At this stage I wanted to get a feel for the performance of each of the options. In order to do that I created a simple dataset of 1M millisecond bars so 4M observations.
import pandas as pd
import numpy as np
#create sizable dataset
n_obs = 1000000
idx = pd.date_range('2015-01-01', periods=n_obs, freq='L')
df = pd.DataFrame(np.random.randn(n_obs,4), index=idx,
columns=["Open", "High", "Low", "Close"])
df.head()
%timeit df.to_csv("csv_format")
%timeit df.to_json("json_format")
%timeit df.to_hdf("hdf_format", "df", mode="w")
%timeit df.to_msgpack("msgpack_format")
%timeit pd.read_csv("csv_format")
%timeit pd.read_json("json_format")
%timeit pd.read_hdf("hdf_format", "df")
%timeit pd.read_msgpack("msgpack_format")

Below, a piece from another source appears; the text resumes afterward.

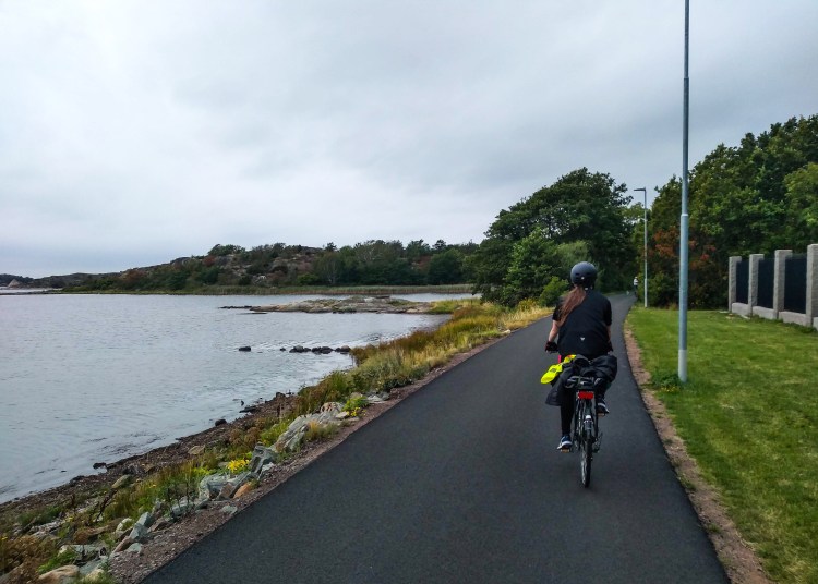 After a great night of sleep on our hidden plateau, we packed up our tent and hit the road. The sunshine of the previous day had been replaced by a threatening sky, and with rain forecast later, we felt no guilt in shortcutting another of the Kattegattleden’s peninsula loops. This time we saved ourselves 21 kilometres by taking back roads directly west from Kungsbacka.
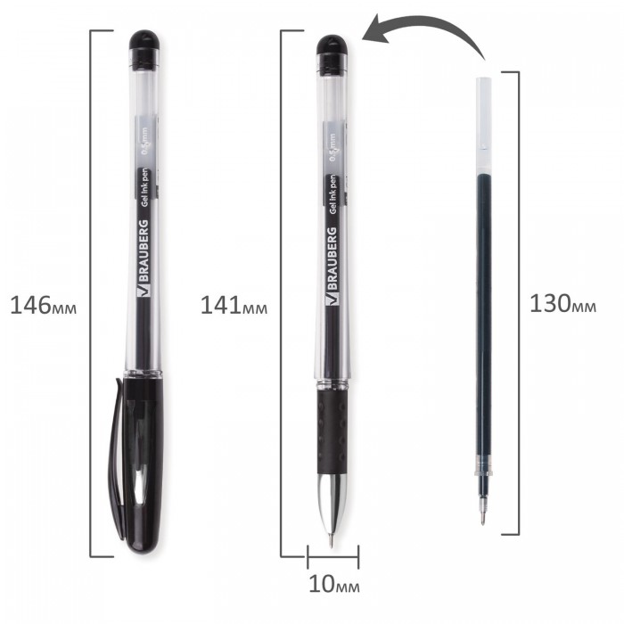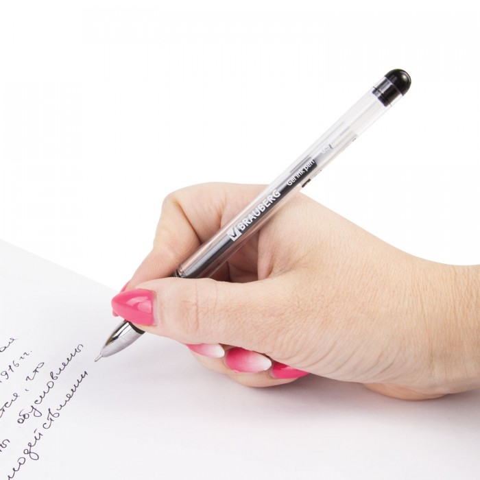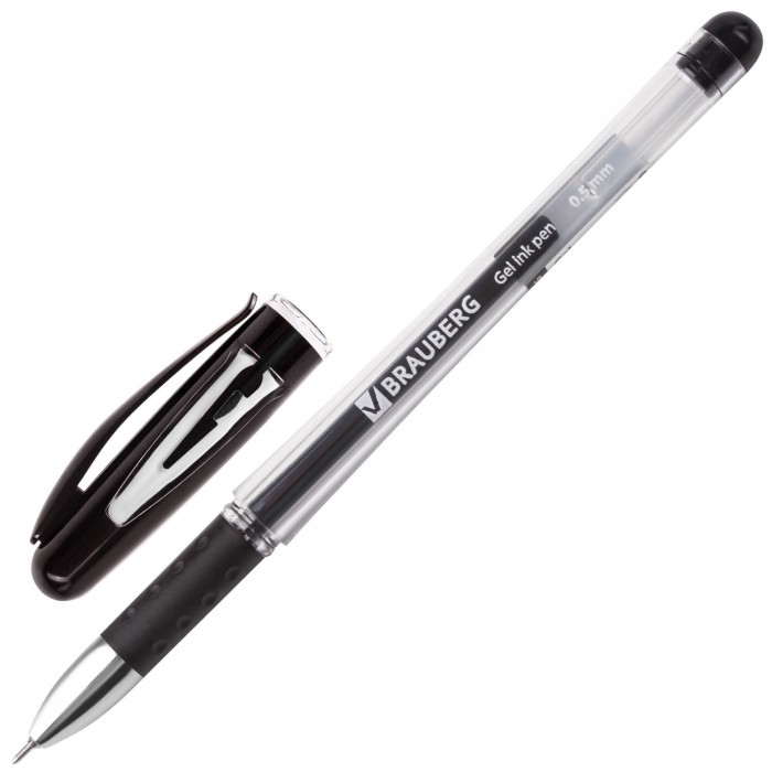 Гелевая ручка BRAUBERG "Geller" с резиновым держателем обеспечивает комфортное и качественное письмо.

So at this point I have decided on a format. The question that remains to be answered is how to organize it. I was thinking of something like this:
/data
|-- Equities
|-- Stock (e.g. SPY, AAPL etc.)
|-- Metadata
|-- Forex
|-- Cross (e.g. USDCAD, USDJPY etc.)
|-- Metadata
|-- Aggregated data
|-- Exchanges (e.g. IdealPRO etc.)
|-- Futures
|-- Exchange (e.g. CME, ICE, etc.)
|-- Contract (e.g. ES, CL etc.)
|-- Metadata
|-- Continuously rolled contract
|-- Expiry (e.g. F6, G6, H6 etc.)
Personally not too sure how to best do this. It would seem to me that it would be rather difficult to design a clean polymorphic API to access the data with such a structure but I can’t seem to find a better way.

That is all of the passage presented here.